Like MNIST, but for 7-segment displays
The original venue for this post is on r/MachineLearning, reposted here as I have a working blog now.
I was recently working on a data analysis project, part of which needed to detect the value of a seven segment display. I started by applying an MNIST-trained model, but the error was very high. I went looking for a different dataset and was not finding any easily accessible ones. Eventually, I found this image generator that was designed to create datasets with seven segment display computer-generated images. I used it to create a dataset with ~17k samples, 0-9 digits. It worked well for my project, where I applied it with a random forest model. I don’t plan to write a paper so thought I’d leave the dataset here, to save someone else a few hours if faced with a similar task.
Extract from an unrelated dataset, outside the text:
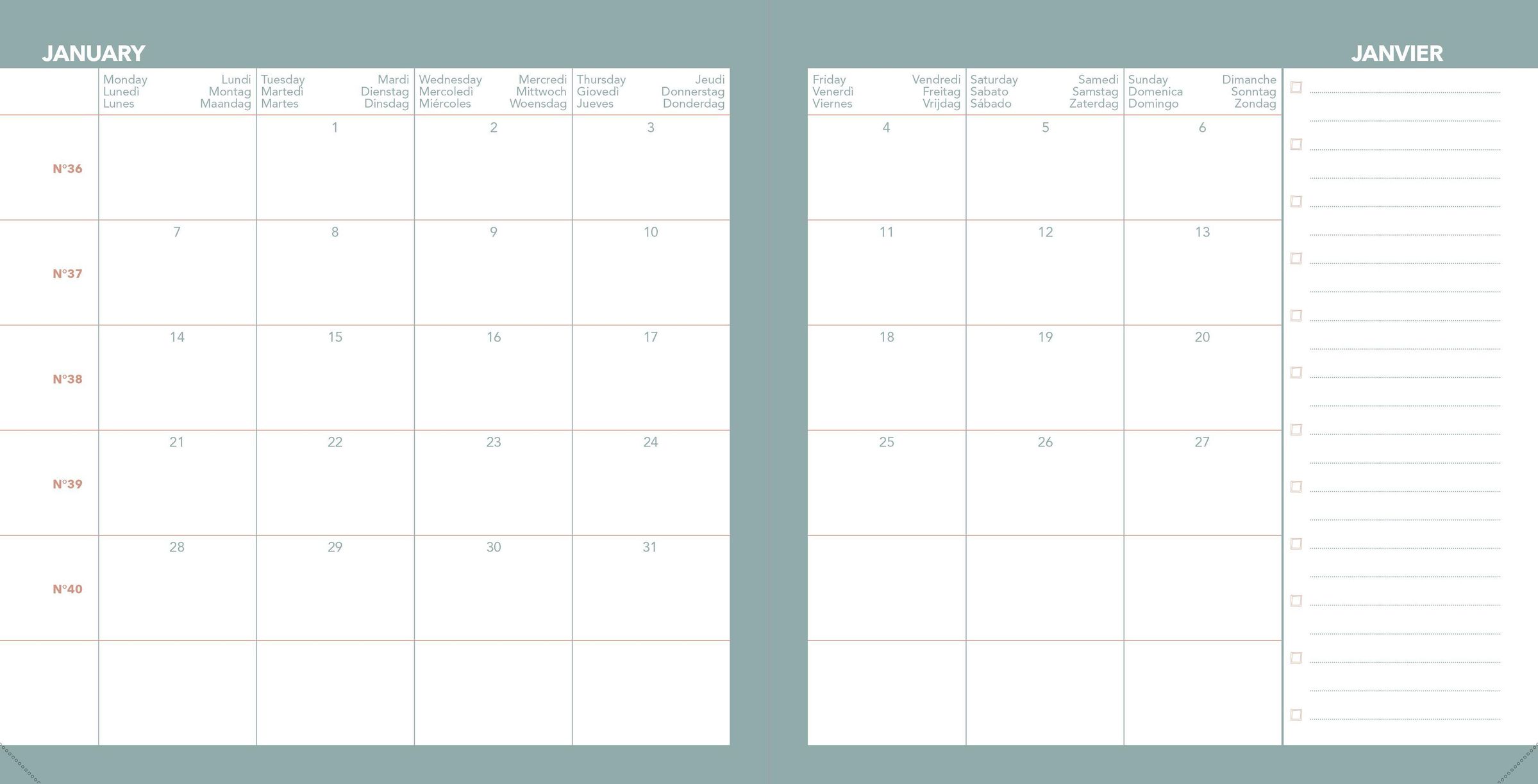 Farbiger Wochenkalender mit einer Woche auf 2 Seiten für eine gute Übersicht über die gesamte Woche. Enthält eine monatliche Doppelseite am Anfang jedes Monats, um einen Überblick über bevorstehende Ereignisse zu erhalten Weißes Clairefontaine-Papier, für ein einzigartiges Schreiberlebnis. Abtrennbare perforierte Ecken für eine schnelle und einfache Or ientierung. Abnehmbarer Einband und nachfüllbarer Innenteil für eine lange Nutzung. Aufbewahrungstaschen für kleine Dokumente.

Link to Dataset: sevensegdataset.npy
Original generation and application, for reference: datasetgenerator.ipynb
Images are 28x28, flattened here.
features = np.load("sevensegdataset.npy")
X = features[:, :-1]
Y = features[:, -1]
images = X.reshape((-1, 28, 28))
plt.axis('off')
plt.imshow(images[0], cmap='gray'), plt.imshow(images[1], cmap='gray')
Labels are integers 0-9:
Y[1], Y[2]
gives us
(9, 0)
Training a random forest classifier based on this dataset then allowed me to accurately classify individual inputs such as
that was first preprocessed into 5 separate images
More details on the preprocessing I used in this example can be found in readscale.ipynb.